The head of the serpent slithers into the early evening sky this month, with its tail twisting along a bit later.

Serpens is the only constellation that’s split apart. The two halves are separated by Ophiuchus, the serpent bearer. The snake’s head rises first. It’s in the east and southeast at nightfall, marked by a serpentine trail of faint stars. The tail, which is below Ophiuchus, climbs into view about an hour later.

The brightest of the stars of Serpens is Unukalhai — an Arabic name that means “the serpent’s neck.” The star also is known as Alpha Serpentis, indicating its ranking as the constellation’s leading light.

The star is in the final stages of life. It converted the hydrogen fuel in its core to helium, causing the core to shrink and get hotter.
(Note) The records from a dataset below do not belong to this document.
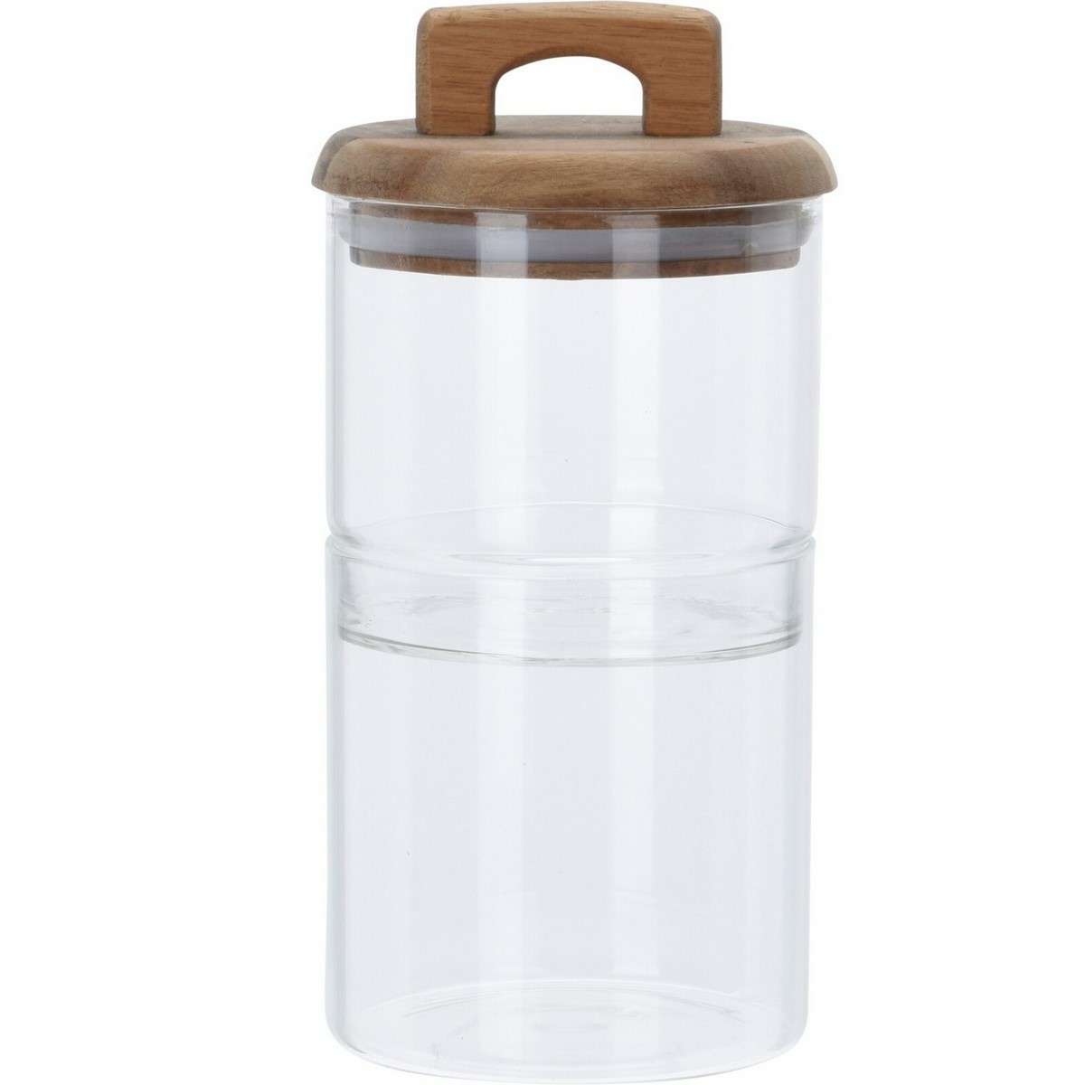 Praktická dvojdielna sklenená dóza s viečkom s rukoväťou na uchovávanie suchých a sypkých potravín. Nájde si miesto aj vo vašej kuchyni, komore alebo na kuchynskej linke.Sklenená dóza sa skladá z dvoch častí a je doplnená tesniacim viečkom. Jedna z nádob je profilovaná tak, aby po vložení do druhej nádoby správne priľnula.Materiál dózy: borosilikátové skloMateriál viečka: drevo akácieMateriál tesnenia: silikónRozmery: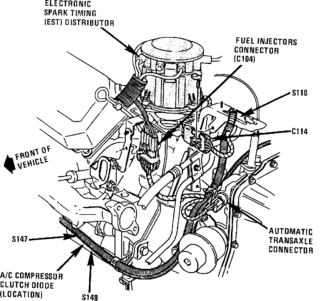 Top LH front of engine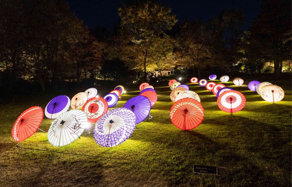 カラフルな和傘がライトアップされていました。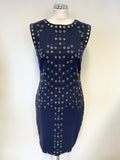 MARCIANO NAVY BLUE EYELET TRIM SLEEVELESS PENCIL DRESS SIZE 6 UK 10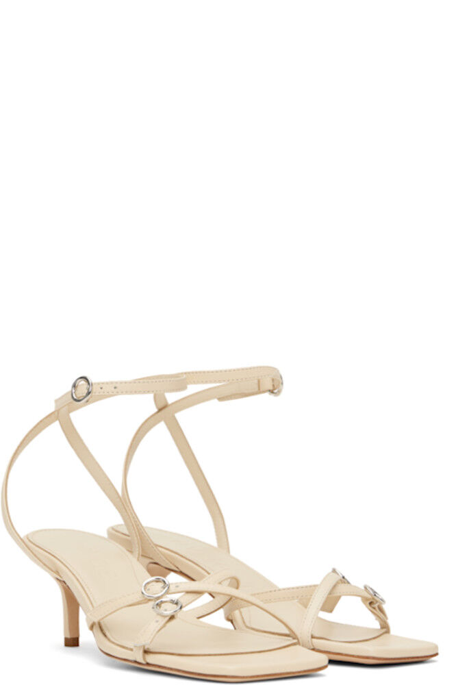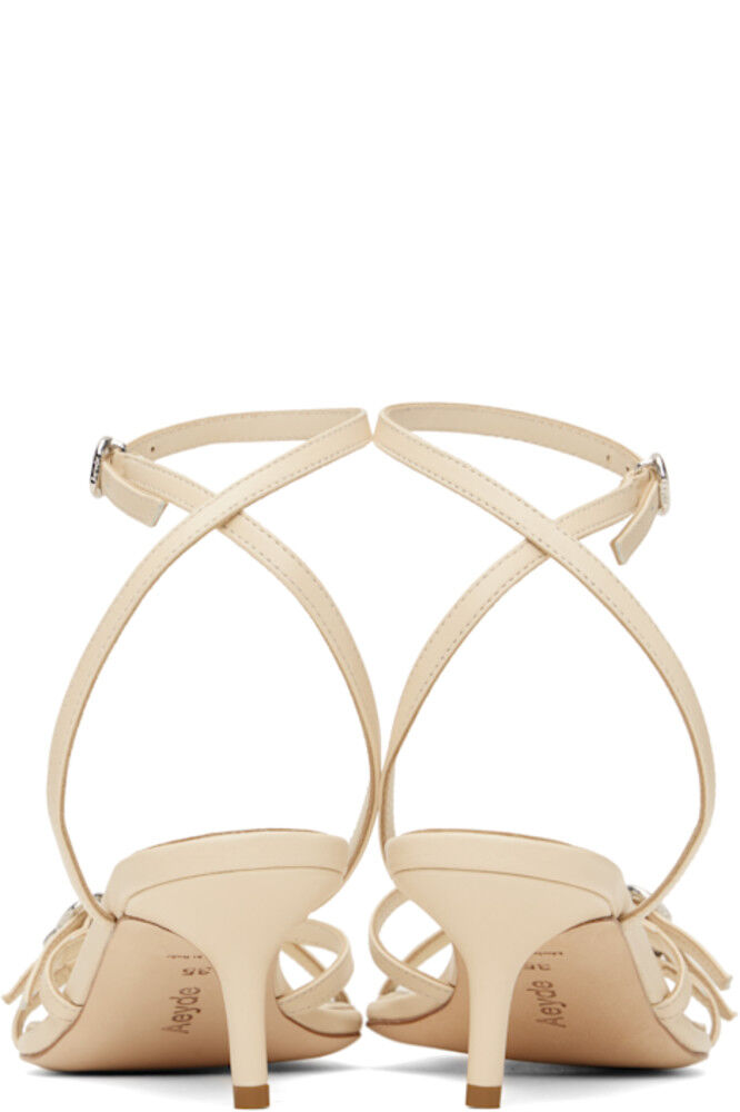 Босоножки на каблуке из полированной кожи наппа в кремовом цвете.

That triggered the next round of nuclear reactions, with the helium being converted to carbon and oxygen.

The changes in the core have caused the star’s outer layers to puff up like a balloon. That’s made the star about 14 times wider than the Sun. The expansion also made the star’s surface much cooler, so it shines yellow-orange.

In time, all the reactions in the star’s core will stop, and the outer layers will puff out into space. For a while, that expanding cloud will form a colorful bubble. As the bubble cools and dissipates, though, only the star’s dead core will remain — depriving the serpent of its bright neck.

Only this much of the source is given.